Today, I want to pick up on an article I saw on 8 February in the Straits Times titled 'Children learn better from people than screens'.

In the article, the writer (Vanessa LoBue, who is an assistant professor of psychology at Rutgers University Newark) quotes a report from the US, whereas from 2011 to 2013 the number of children using mobile devices on a daily basis has more than doubled from 8% to 17%. When I go to a shopping mall and see the amount of children who are 'hooked to a smart tab/phone' in a stroller, I would dare to guess, that since 2013 this number has at least doubled again!

I often wonder, why parents do this. Is it to keep the kids entertained so that they can shop in peace? Is it to make the kids 'smarter'?

It goes without saying that once the parents take the devices away, then the peace is gone, as the children love this way of passive entertainment. Where does this lead? But I'm going off on a tangent here, this is a topic for another blog.

It is important what you let your children watch!

Back to this study... I summarize a few of the main points I took out of this article and add some of my comments:

  • Infants don't learn from screens - as easy as that.

Dad and baby spending some quality time together

So speak to your infants and play with them. Show them your love by spending time with them, hugging them and engaging with them. That is

how they learn!

  • Match content with the viewer: don't show programs made for adults to kids

Pre-schoolers need pre-schoolers content in order to learn from it. If they don't understand a show, they might 'learn' the wrong stuff.
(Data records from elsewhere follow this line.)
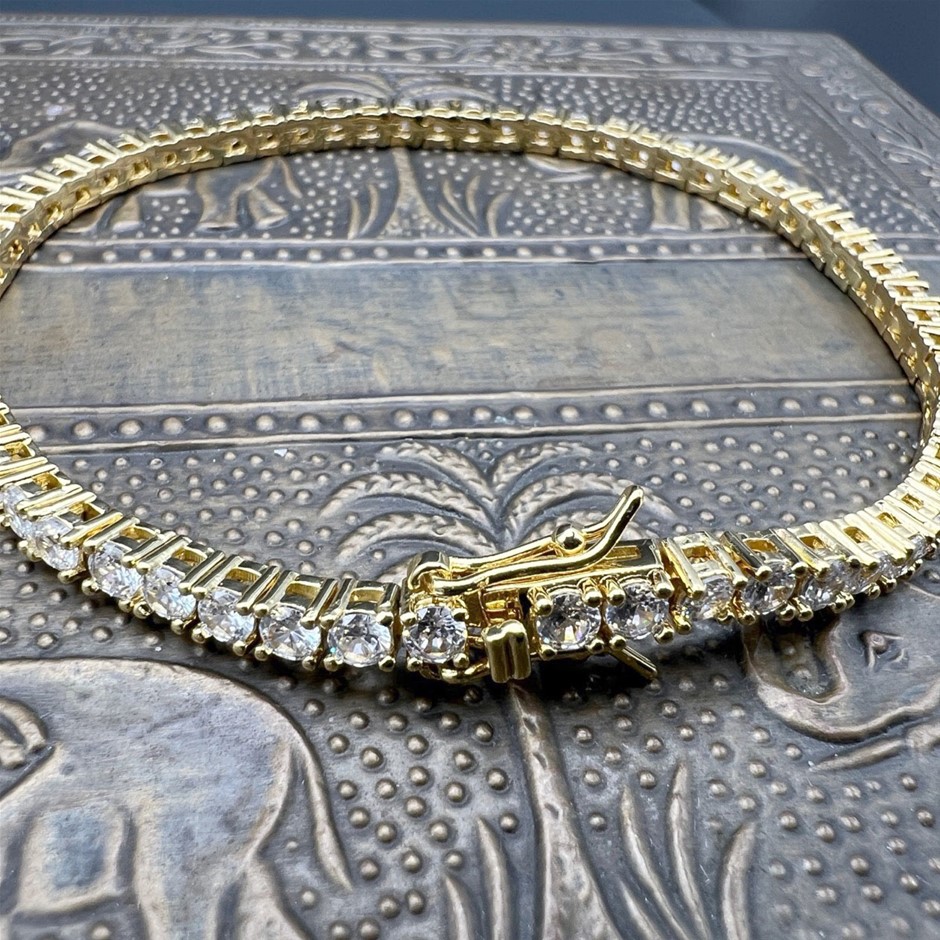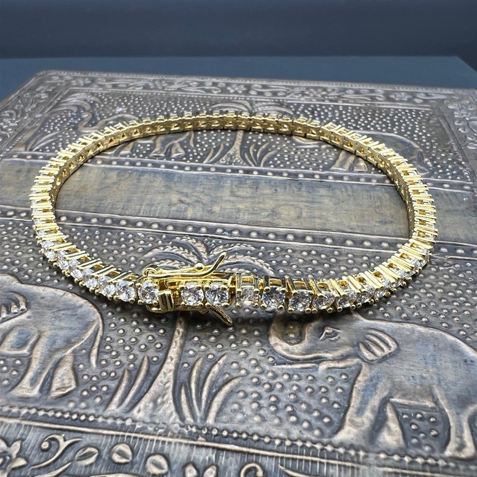 Opulent Galleria - 18K Gold-Filled Tennis Bracelet with Round Facet Cut Simulated Diamonds – 20.3cm
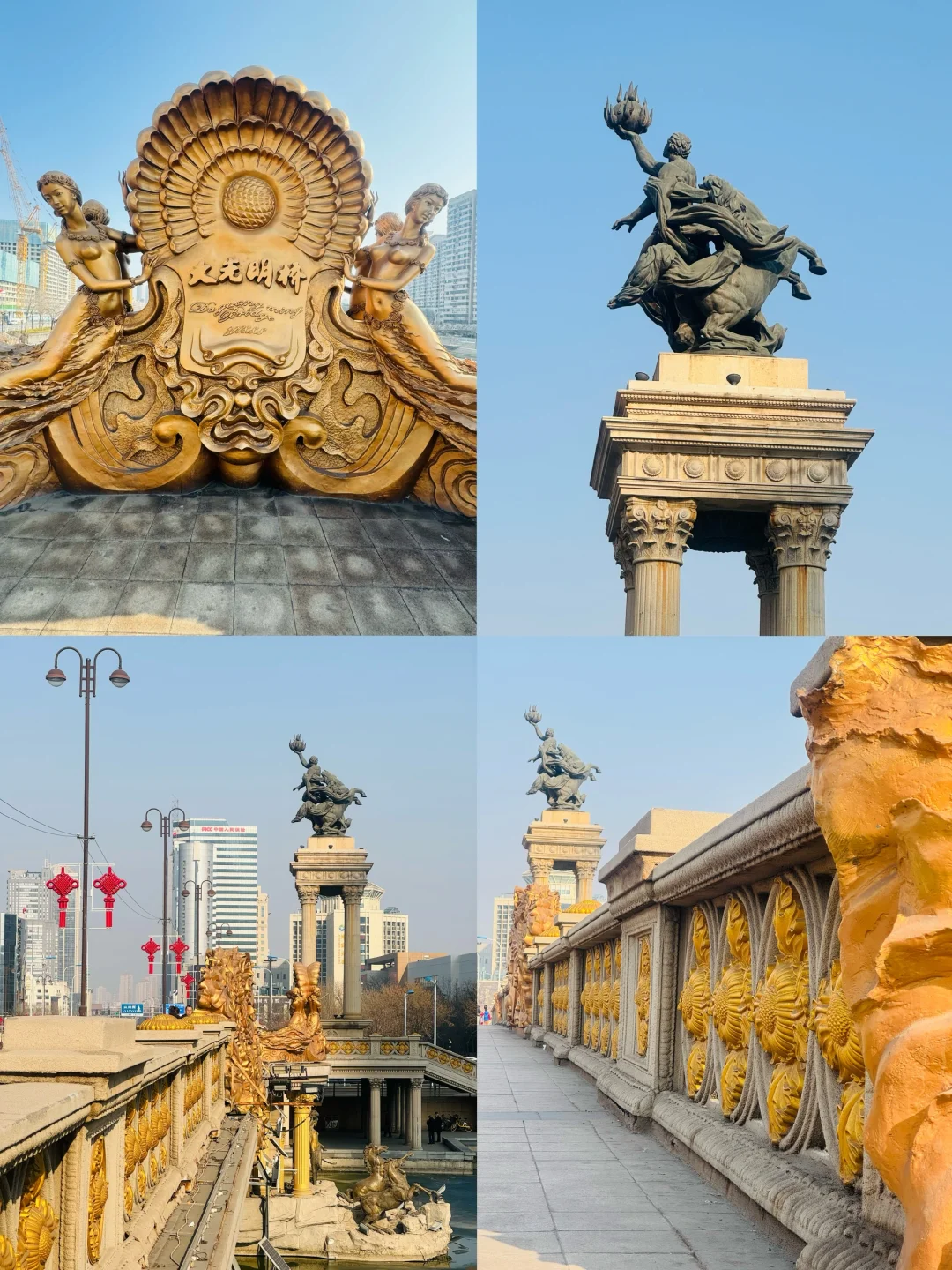 每一个石柱上都有一个铜狮子🦁形态各异,在这里可以看天津大爷跳水,还可以拍马路对面的望海楼教堂
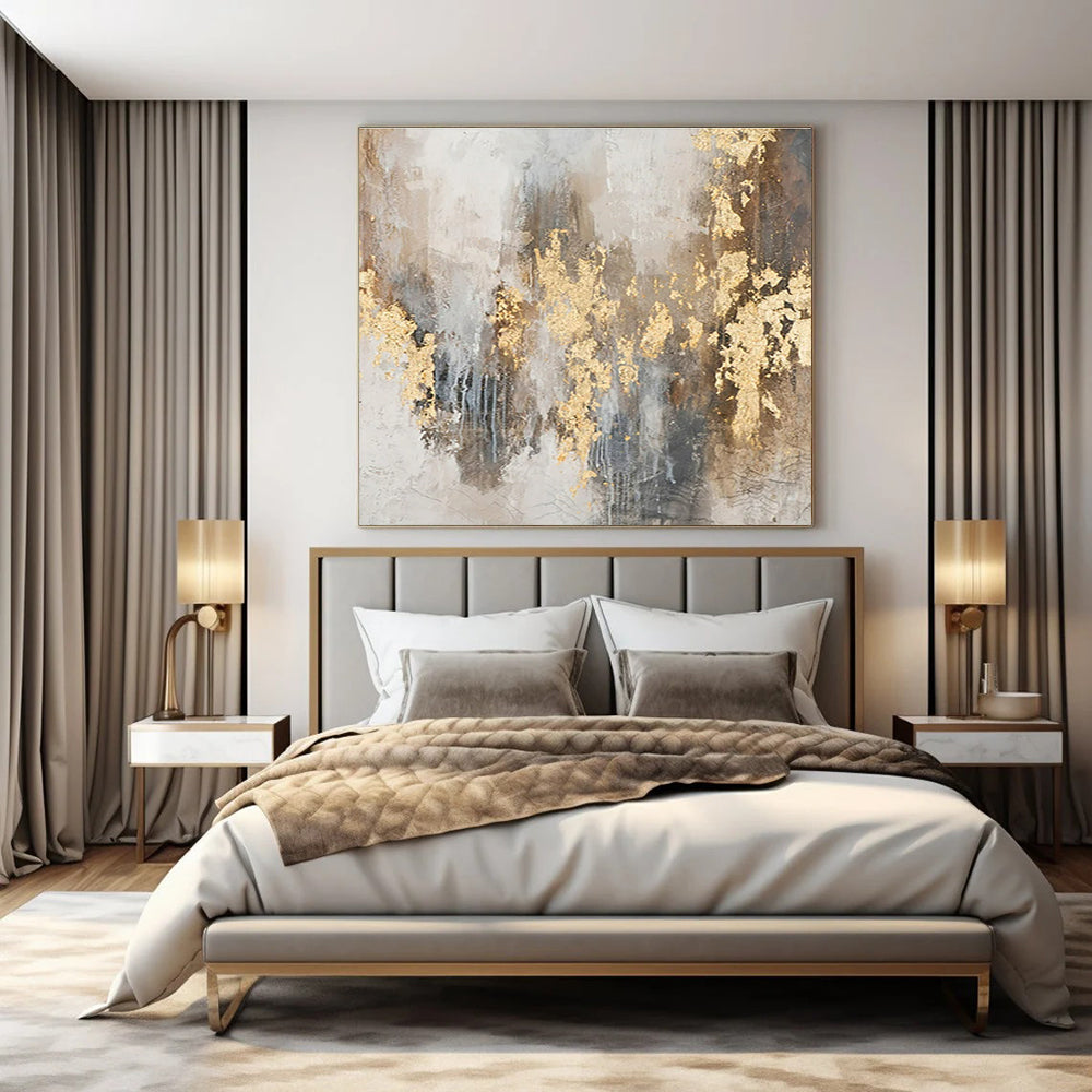 Captivated by the glow of gold against muted grays, the artist aimed for opulence. They layered smooth grays, then splashed gold, letting it drip and fade, creating a regal yet raw effect. Working with both precision and spontaneity, they balanced the rich gold with understated tones. Hang it in a luxury bedroom for a touch of glamour, or an upscale lounge to elevate the ambiance. It’s a dance of luxury and restraint, each gold streak a moment of bold creativity. Packaging: Each artwork is professionally rolled and secured in a durable hard-shell tube for safe transit with a 2–3 inch white border around the painting for easy stretching or framing at your local shop. Delivery Timeline: Expect your painting within 7–12 business days including 3–5 days for handcrafting by our artists and 5–7 days for worldwide delivery via UPS or FedEx with a tracking number provided immediately upon shipping.

As a matter of fact, it even lowers academic skills in pre-school children, based on this study!

  • Time is of the essence: don't keep the TV on in the background all day long

Kids get distracted by having the TV on. The quality of their play deteriorates, and so do other aspects of their development. Choose the program you let the kids watch, and then switch it off. They eyes will also be thankful for that! And I'm not even talking about the little bodies that need to be in motion (and not sitting in front of a screen all day).

  • Screens are not a replacement for learning form parents or peers

Learning the traditional way seemed to have always been the most effective medium for infants and young children.

I encourage all parents to follow these guidelines for the benefit of the children... although it might be difficult at times. Nothing replaces you as the teacher for your tiny and little ones, especially not screens, and especially not for longer periods of time.